Choose Fugu Ultra if:
- You need the best available model today and Mythos 5 access is not realistic for your team
- Your use case is code review, paper reproduction, or deep literature analysis where multi-pass orchestration adds value
- You want model-provider redundancy built into a single API call without managing multiple integrations
- Cost is a constraint and $5/$30 fits your budget better than $10/$50
- You are outside the EU/EEA and do not need auditability over which underlying model ran your prompt
Wait for Claude Mythos 5 (or use Opus 4.8) if:
- You need independently verified benchmark scores before committing to a production integration
- Your workflow requires knowing exactly which model processed a given request for compliance or reproducibility
- You are in the EU/EEA, where Fugu is not available
- You expect Mythos 5 to resume availability and your tasks involve complex multi-discipline reasoning where Mythos 5’s benchmark lead is directly relevant
- You are building on biology, biosecurity, or life-sciences research where Mythos 5’s access pathways may reopen before general availability does
Use Fugu (standard, not Ultra) if:
- Latency matters more than raw benchmark quality in your application
- You are prototyping and want access to frontier-class results without managing multiple API keys
- Your prompts stay under 272K tokens consistently, keeping you below the long-context surcharge threshold
The Bottom Line

In the Sakana Fugu vs Claude Mythos comparison, Mythos 5 leads on every benchmark where direct data exists, but it is not a model you can use right now.
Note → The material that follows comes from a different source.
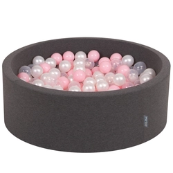 KiddyMoon Baby Foam Ball Pit with Balls ∅ 7cm / 2.75in Made in EU, light grey:white/black/silver/dark pink, 90x30cm/200 balls

Fugu Ultra beats every individual model it orchestrates and delivers genuinely strong results on code review and reasoning tasks. The benchmark caveat is real: all Fugu numbers are vendor-reported and unverified by third parties. That gap will close or widen once independent evaluations run. For developers who need strong results today, Fugu Ultra is the most capable option currently available. For teams willing to wait on Mythos 5 resumption and who need verified scores before committing, patience is justified. The better model, by the numbers, is Mythos 5. The only available model, by circumstance, is Fugu.